Though it would be easy to blame Rooster Boy for the deaths-he was earning money off the migrants, refusing to admit when he was lost, refusing to turn back while there was still time, maybe even abandoning them under the guise of looking for help-Urrea puts him in the context of the forces both driving and criminalizing immigration. In the end, he's a youth who wanted a different life and realized he could make more money smuggling people than making roof tiles, who got in over his head and didn't know what to do. ("I really am sorry from the bottom of my heart for what happened and it honestly wasn't my intention to lead those people to their deaths," Rooster Boy, whose real name is Jesus Lopez Ramos, wrote in a letter to the judge who would sentence him to prison. "My intention was to help them cross the border.")
Many blame the Border Patrol for violence and death in the border regions: for failing to do a better job of finding desperate migrants, for focusing on enforcement more than aid, for committing violence against migrants themselves. As he does with Rooster Boy, Urrea treats them with nuance, describing some Border Patrol agents and local police who were sympathetic to the migrants, and deeply frustrated and disillusioned by the senseless tragedy of their deaths.

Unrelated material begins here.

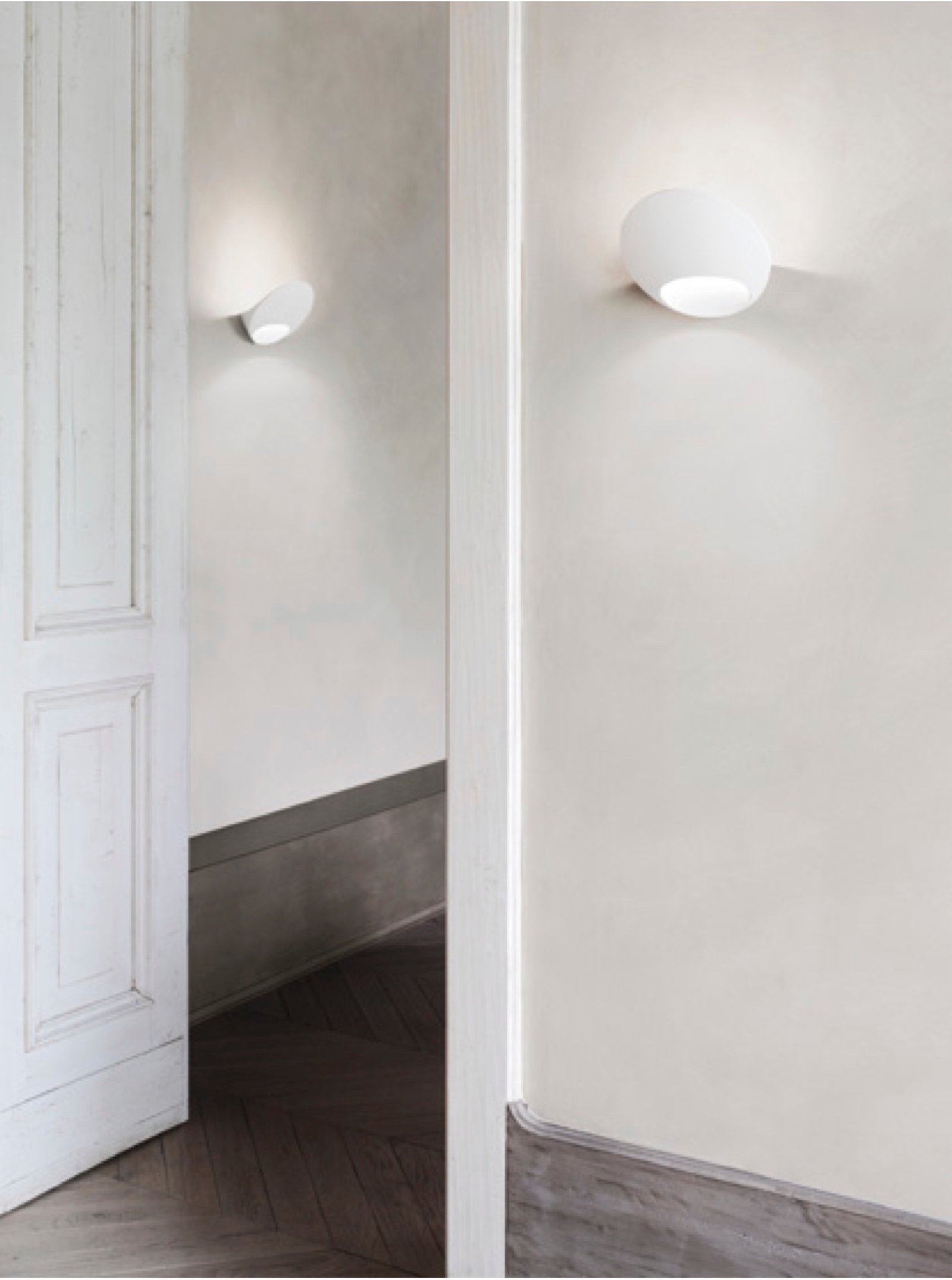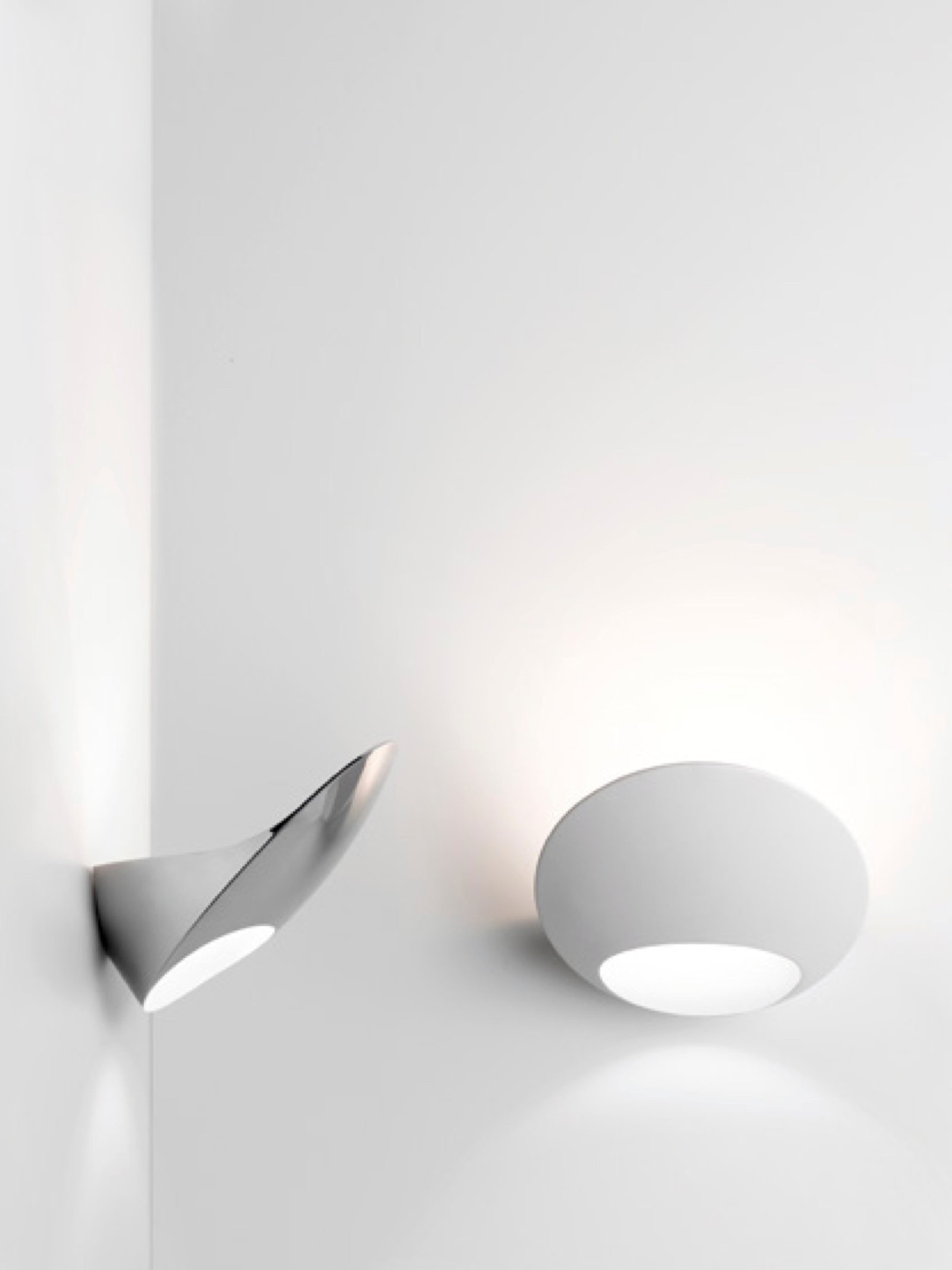 Aplique que parece tomar forma desde la propia pared, en un único volumen sólido de superficies suaves y regulares que se unen para crear bordes precisos que se convierten en llamativos signos gráficos. Cuando se enciende la lámpara, la luz del LED rebota en la pared, creando un contraste vivo, y luego se desliza dentro de la abertura, iluminándola y formando delicadamente un arco en la pared.

There's nothing polemical about The Devil's Highway, but it says perfectly, with only a smattering of facts and figures, what more analytical progressive tomes struggle to do. Urrea exposes the complete failure and hypocrisy of US immigration and border policy-a policy that tacitly encourages thousands of migrants to come into the country as domestic, agricultural, industrial and other workers, but forces them to walk a gauntlet of death to get here, thus keeping the ones who make it subservient and fearful lest they get deported and have to make the expensive, treacherous trek again.

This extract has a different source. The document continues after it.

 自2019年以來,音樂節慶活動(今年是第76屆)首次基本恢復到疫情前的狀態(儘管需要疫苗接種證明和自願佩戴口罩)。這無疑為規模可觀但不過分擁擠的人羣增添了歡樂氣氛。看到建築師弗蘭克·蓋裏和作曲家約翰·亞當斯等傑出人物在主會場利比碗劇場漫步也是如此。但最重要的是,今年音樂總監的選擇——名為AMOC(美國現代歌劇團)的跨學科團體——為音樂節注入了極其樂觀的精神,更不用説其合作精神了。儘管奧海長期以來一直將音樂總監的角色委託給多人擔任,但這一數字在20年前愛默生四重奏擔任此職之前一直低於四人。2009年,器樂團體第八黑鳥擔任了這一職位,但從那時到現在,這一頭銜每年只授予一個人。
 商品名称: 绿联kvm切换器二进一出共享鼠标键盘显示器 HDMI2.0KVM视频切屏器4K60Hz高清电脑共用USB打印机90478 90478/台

As throughout much of the book, Urrea's last passage describing the men's saga juxtaposes the heartbreakingly minute details of lives and deaths with the larger political and emotional significance of their saga:
The dead men were loose now. Their feet bobbled when the carts bumped into each other as they were lined up, like they were tapping their feet, or waking up. Most of their eyes were open. Small sounds escaped from a couple of the bodies as gases moved through them. Almost sighs. Rustling in their bags. If you listened, you could hear them whispering. We're going home.